Thus far, the majority of published studies report on actions to reclassify external causes of mortality based on active tracing of cases at IML or based on data reported by the press.1 Deterministic linkage of accident databases (Mortality Information System - SIM, Hospital Information System of the Brazilian National Health System - SIH/SUS and Highway Police) was used to improve information in Five Brazilian state capitals in 2012 and 2013. This revealed the potential of this tool for qualifying deaths from external causes with ill-defined underlying causes.10

The purpose of our study was to describe the improvement of the quality of data on underlying cause of death from external causes by linking the databases of the Health, Public Security and Press sectors in the state of Rio de Janeiro, Brazil, in 2014.


This is a descriptive study of quality improvement, via deterministic data linkage, of data on deaths from external causes of undetermined intent and deaths from undetermined natural causes in the state of Rio de Janeiro in 2014.

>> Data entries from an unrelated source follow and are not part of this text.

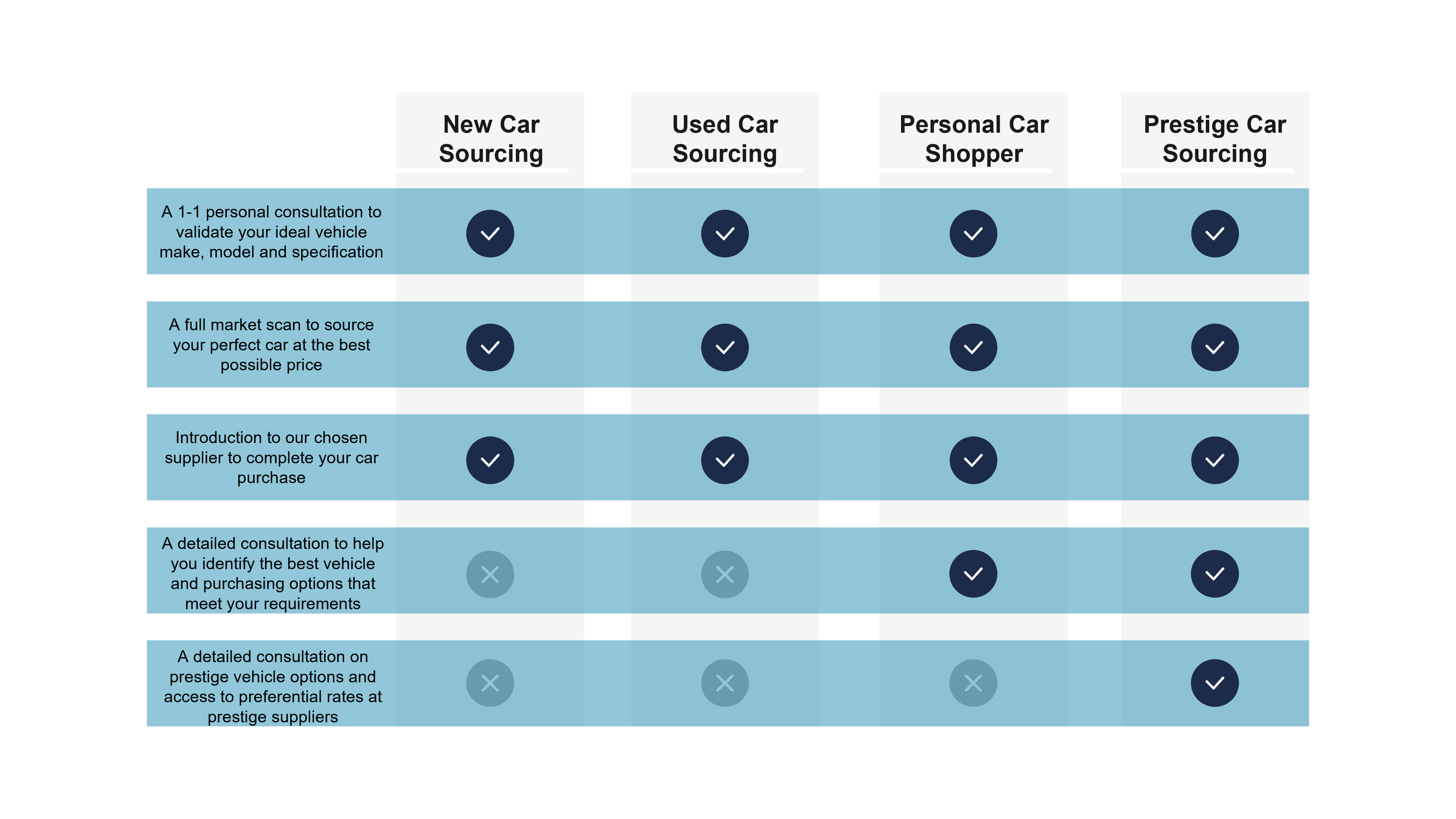To help you choose the right service for you, have a look at the benefits of each service below and also use the "Find my next car" link in the navigation menu which will recommend a service and capture your personal requirements.
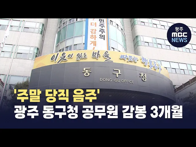 주말 당직 근무를 서다 술을 마신광주 동구청 간부급 공무원에 대해 감봉 징계가 내려졌습니다.광주 동구에 따르면 광주시 인사위원회는 최근 동구청 소속 5급 공무원에 대해 감봉 3개월 처분을 의결했습니다.해당 공무원은 지난달 22일 주간 당직 근무 중 술을 마셨고, 이를 목격한 직원이 구청 게시판에 글을 올리면서 음...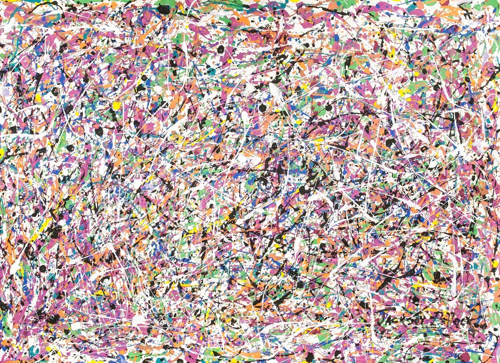 Acrylic on canvas. Featuring abstract composition. Signed "Jackson Pollock" in the bottom right corner. Attributed to Jackson Pollock (1912-1956, American). 115 x 163 cm. Provenance: This lot carries limited provenance from a Toronto estate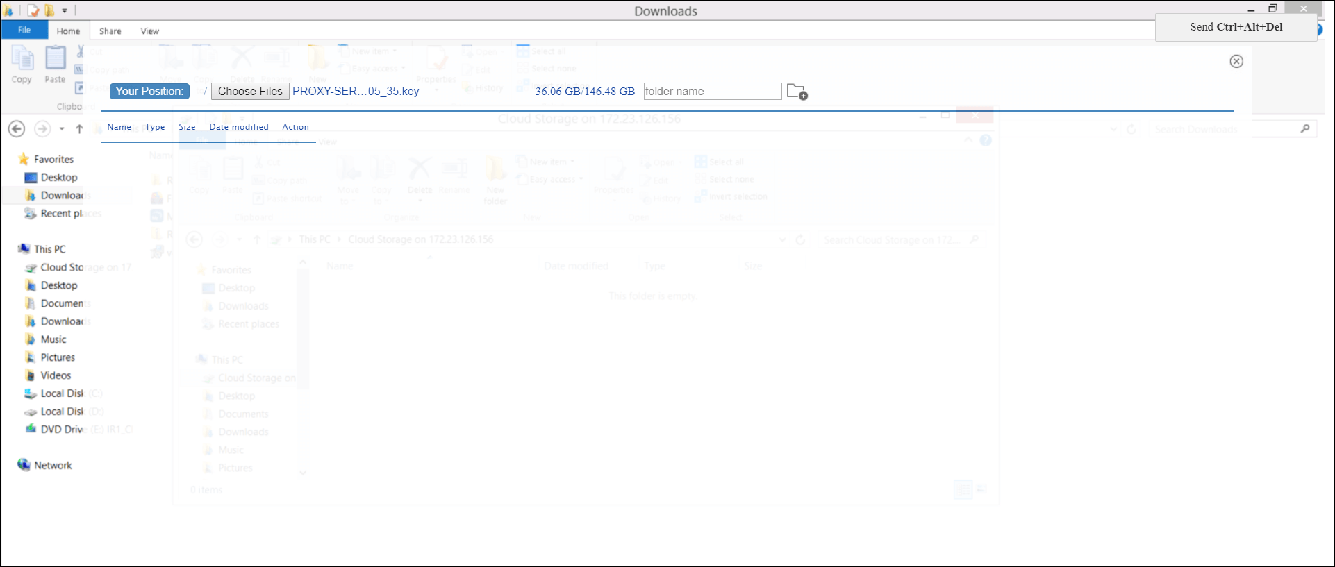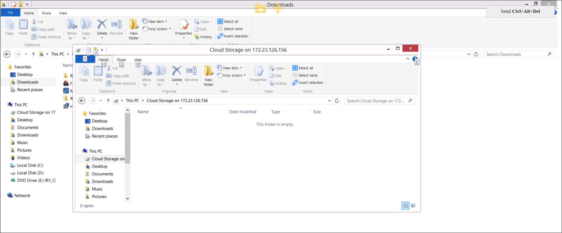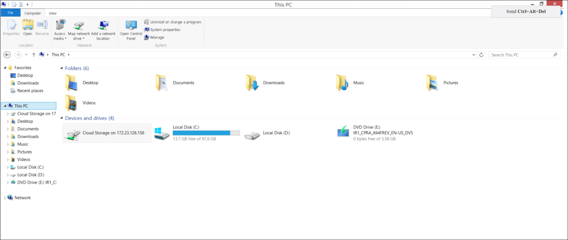 - Once the RDP console opens, go to the remote machine's My Computer folder and click the new drive named Cloud Storage on <IP address> here. This is the temporary folder that will enable you to transfer files to and from the remote machine.
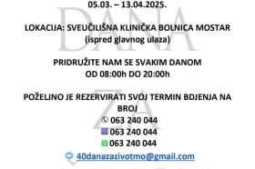 Inicijativa ''40 dana za život'' održat će se od 5. ožujka do 13. travnja u Mostaru, a provodit će se kroz bdijenje ispred Sveučilišne kliničke bolnice (SKB) Mostar svakodnevno od 8 do 20 sati.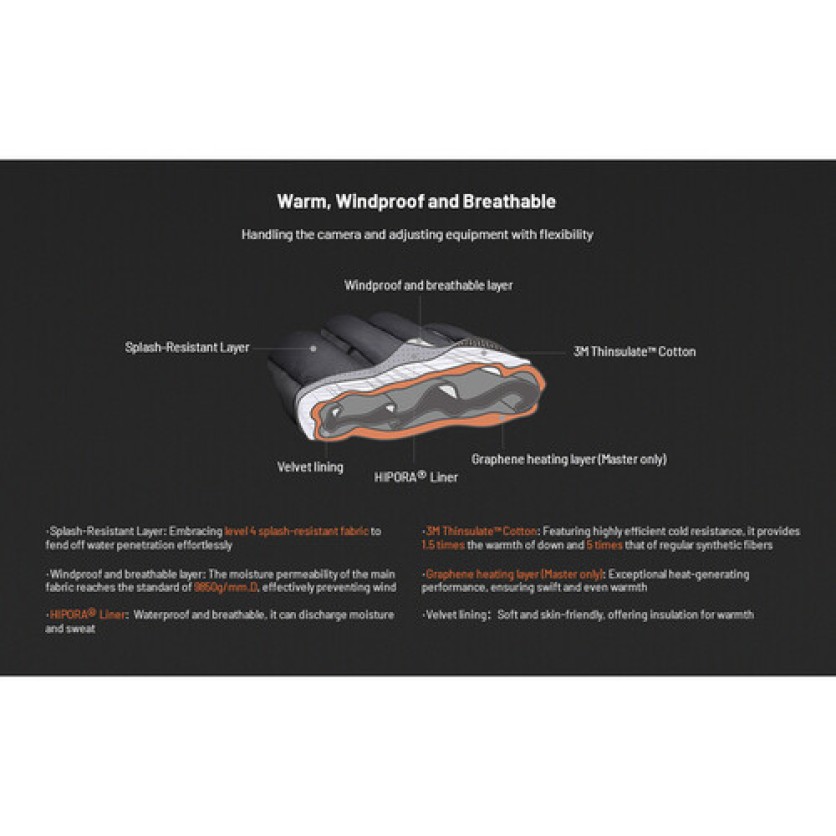 The black, x-large Master Photography Gloves from PGYTECH keep your hands warm while shooting in freezing temperatures. In addition to being warm, windproof, and splash resistant, these gloves feature a Graphene heating layer and a 4000mAh TYPE-C interface for extended heating capabilities. They have a cushioned leather palm for enhanced comfort and a nonslip grip.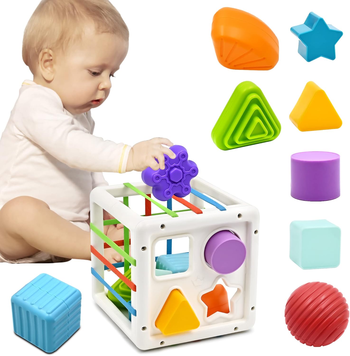 Baby Toys for 1 2 Year Old Boys Girls, Montessori Sensory Toys for 12 18 Months 1st Gifts Educational Learning Shape Sorter Activity Cube Travel Toys for Autism Toddlers Birthday Presents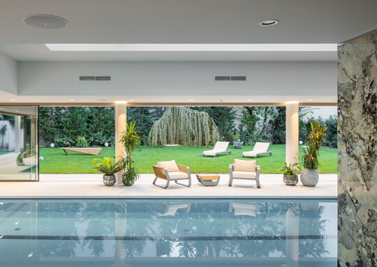Terenul pe care a fost construit acest mic pavilion pentru înot și sport are o suprafață de cca 1200 mp și deservește locuința individuală a clientului nostru, adiacentă lotului.

Rio de Janeiro is one of Brazil’s 27 Federative Units, covering an area of 43,780.172 km². According to the 2010 demographic census, it is Brazil’s most populous state, accounting for 8.4% of the country’s population and having the highest population density of all Brazil’s Federative Units. The state has the country’s second largest gross domestic product and the third highest literacy rate.11

Rio de Janeiro has 12 IML facilities. SES/RJ’s Mortality Information System (SIM/SES/RJ) recorded 131,519 deaths in 2014, 105,943 (80.5%) of which were from natural causes with death certificates issued by health services, while 25,576 (19.5%) related to deaths referred to the state IML services. Of the 25,576 deaths referred to the IML services, external causes accounted for 13,916 (54.4%); 11,600 (45.6%) deaths from natural causes were referred to the IML services, 2,069 of which were from undetermined natural causes.

SIM was the primary data source on deaths. SIM records were linked with the Public Security databases (IML and Civil Police) and, in a complementary manner, were also linked with SAMU and press records. The database using the press as its source is comprised of information gathered through daily reading of electronic media by a technical SES/RJ staff member. The key variables used for data linkage were the name of the deceased person, their age and the municipality in which death occurred. The time taken between the process being begun and the correction of the qualified data on the SIM system, and this data then being made available for our study’s database and tabulation using Tabnet, was around ten months.

All deaths from external causes of undetermined intent (ICD: Y10-Y34) and undetermined natural causes (ICD: R99) certified by IML in 2014 were investigated.

Sociodemographic data were obtained from information recorded on the SIM system databases: sex (male, female or unknown), age range (in years: 0-9, 10-19, 20-39, 40-59, 60-69, 70 or over, unknown), race/skin color (white, black, brown, other [yellow or indigenous], unknown), place of death (health establishment, household, public thoroughfare, others) and administrative region (Baia da Ilha Grande, Baixada Litorânea, Centro-Sul, Médio Paraíba, Metropolitana I, Metropolitana II, Noroeste, Norte, Serrana, others).

Figure 1 provides a summary of the reclassification work process. Stage 1 of deterministic linkage consists of obtaining data for all deaths from external causes recorded on SIM, as well as data on deaths from undetermined natural causes held on the supplementary databases (IML and Civil Police) in the state of Rio de Janeiro in 2014 (step 1). All IML deaths are compared with SIM deaths on a new linked database (step 2), which in turn is linked with the Civil Police database (step 3). Step 4 is the process of searching on SIM for the cases found on the Civil Police database that were not held on IML records. Reviewing these linkage steps, correcting slight data variations (e.g. typing errors fond in names), gives rise to the database containing all the death certificates found on the three databases (step 5).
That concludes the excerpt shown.